Так обычно начинаются либо страшные сказки, либо лёгкие формы сумасшествия.

Передо мной стоял дед. Не «старичок в валенках», а именно дед — с лукавой ухмылкой, длинной посохообразной палкой в руках и плетёной корзиной, в которой явно лежали грибы. На голове — шапка, а в ней… перо. Настоящее. Воронье, чёрное, как грех.

— Здрасьте, — осторожно сказала я.

— Ты, стало быть, внучка Варвары? — продолжил он, даже не дождавшись моего «я — Вера». — Ну-ну. А я гляжу — ведьмино семя, только городом попорчено. Ничего, пройдет.

— Простите, кто вы, собственно?..

— Клим. Грибник я. И… кое-что ещё. Но об этом потом.

Он подмигнул. А я почувствовала лёгкий озноб. То ли от ветерка, то ли от интонации этого самого «кое-что ещё».

— Грибы пойдёшь собирать?

— Сейчас? — я невольно оглянулась на дом. — У меня как бы... дела. Подвал, например, обследовать.

Он посмотрел на меня с таким выражением, будто я сказала: «У меня ракета на балконе стоит».

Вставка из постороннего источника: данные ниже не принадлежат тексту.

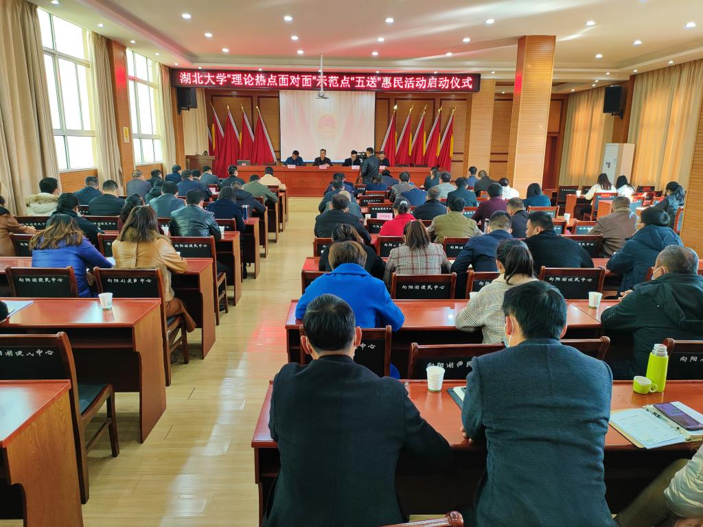 11月26日,“理论热点面对面”示范点“五送”惠民活动在湖北省咸宁市咸安区向阳湖镇启动,best365英国体育在线专家团队走进基层,开展送理论、送法律、送技术、送文化、送致富信息,技术专家、法律专家等与老百姓面对面,为老百姓谋福利办实事。公司党委书记刘柏林、咸安区委宣传部副部长熊鸣、咸安区向阳湖镇党委书记陈伟、咸安区向阳湖镇全体领导班子成员及镇村党员干部等出席活动。

— Подвал… сама полезешь? Без подготовки?

— А что, надо было экзамен сдать?

Он рассмеялся. Смех был хриплым, но не злым. Скорее… понимание с оттенком «ну ты даёшь, девка».

— Ладно, чё зря языком молоть. Идём. На воздухе оно лучше думается. Варвара не зря говорила: “Пусть сначала в лес сходит, землю почувствует”. Ты ведь землю не чувствуешь, ага?

— Я? Да я только вчера на ней поскользнулась.

— Вот, — кивнул Клим, как будто это было доказательством моей неосознанной немощи.

Лес оказался ближе, чем я думала. Пройдёшь сто метров от дома, минуешь огород с обиженными на жизнь подсолнухами — и вот он, стеной встаёт. Осенний, густой, шумящий от насекомых и шорохов.

Клим шёл легко, будто знал все тропинки. Я, в отличие от него, цеплялась за ветки, пару раз оступилась и однажды едва не наступила на что-то пушистое, что пискнуло и скрылось в траве.

— Это кто был? — спросила я, шепотом.

— Леший малый, — отмахнулся Клим. — Не трожь, пусть бегает. Любопытный, но не злобный.

— Что?.. Вы серьёзно?

— А ты думала, здесь всё по паспорту ходит? Нет уж. У нас всё живое.

Я начала подозревать, что либо у дедушки тяжёлое расстройство восприятия, либо мне очень повезло с местом. И с бабушкой. Потому что чем дальше мы шли, тем больше всё казалось... живым.

Не «вот, какие красивые деревья», а — живым.

Как будто лес дышал, прислушивался. Как будто каждый куст что-то шептал, каждый гриб заговорщически кивал, когда я проходила мимо.

Один даже фыркнул. Я не уверена, но… мне не показалось.

Когда корзина Клима наполнилась, он сел на пенёк и протянул мне гриб. Крупный, белый, почти светящийся.

— На, возьми. Не ешь. Просто подержи. Понюхай.

— А он не галлюциногенный?

— Галлюцинации — это как раз то, что тебе сейчас нужно. Только контролируемые.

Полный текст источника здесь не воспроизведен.